EXERCISE AIM:
Please return exactly the lines from the top of the data through the line that contains "After this the", and skip all pictures.

GIVEN INFORMATION:

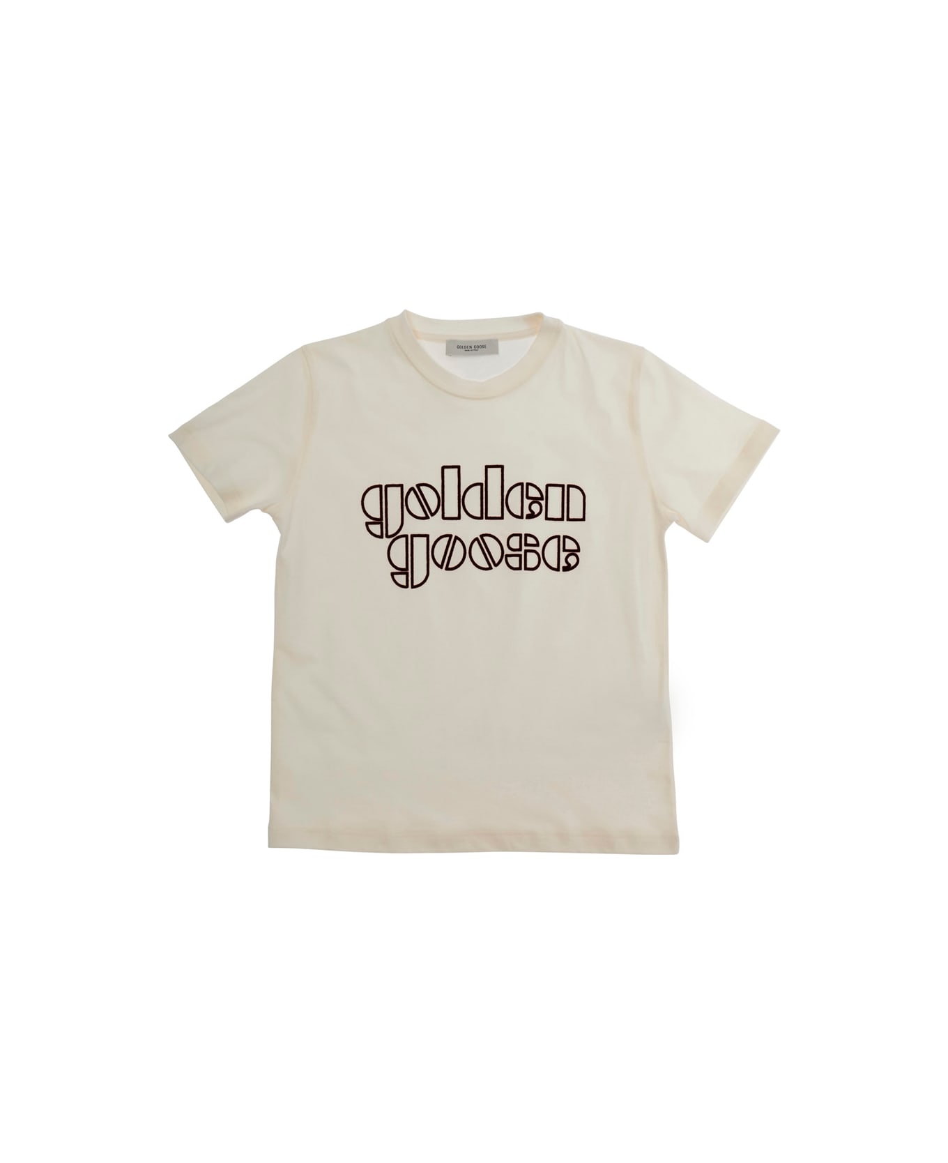 White Crewneck T-shirt With Logo Lettering On The Front In Cotton Boy
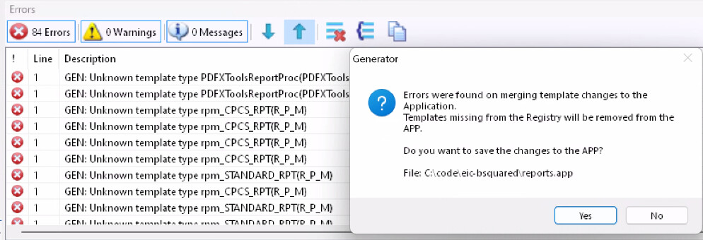 After this the App has the missing templates removed so is damaged. After clicking Yes the load continues. Clicking No seems to get stuck in a loop, so you have to click YES and recover the APP from backup.
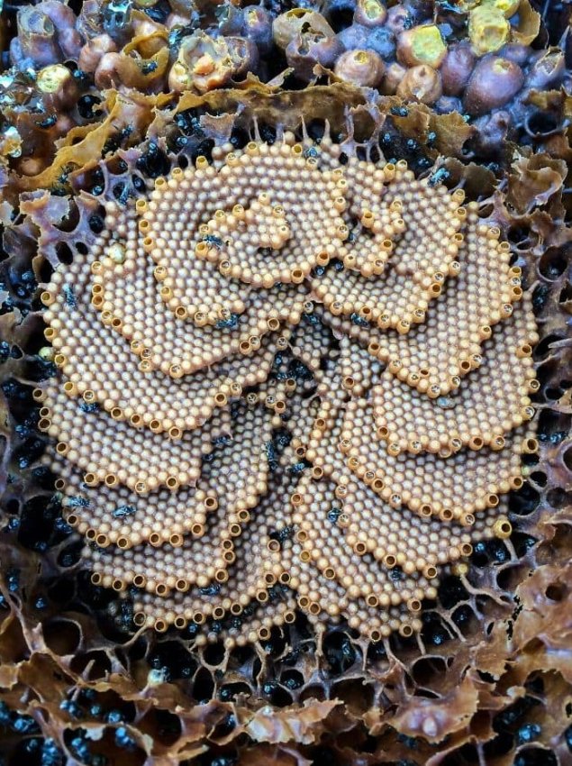 Кусок сот будто превратили в легкую вафельную скульптуру. Края съедены пространством, внутри — арки и мостики из воска. Выглядит хрупко, но держит форму, как миниатюрная пчелиная крепость. Потрясающая геометрия, собранная из шестиугольников и воздуха.

EXPECTED OUTPUT:
 White Crewneck T-shirt With Logo Lettering On The Front In Cotton Boy
 After this the App has the missing templates removed so is damaged. After clicking Yes the load continues. Clicking No seems to get stuck in a loop, so you have to click YES and recover the APP from backup.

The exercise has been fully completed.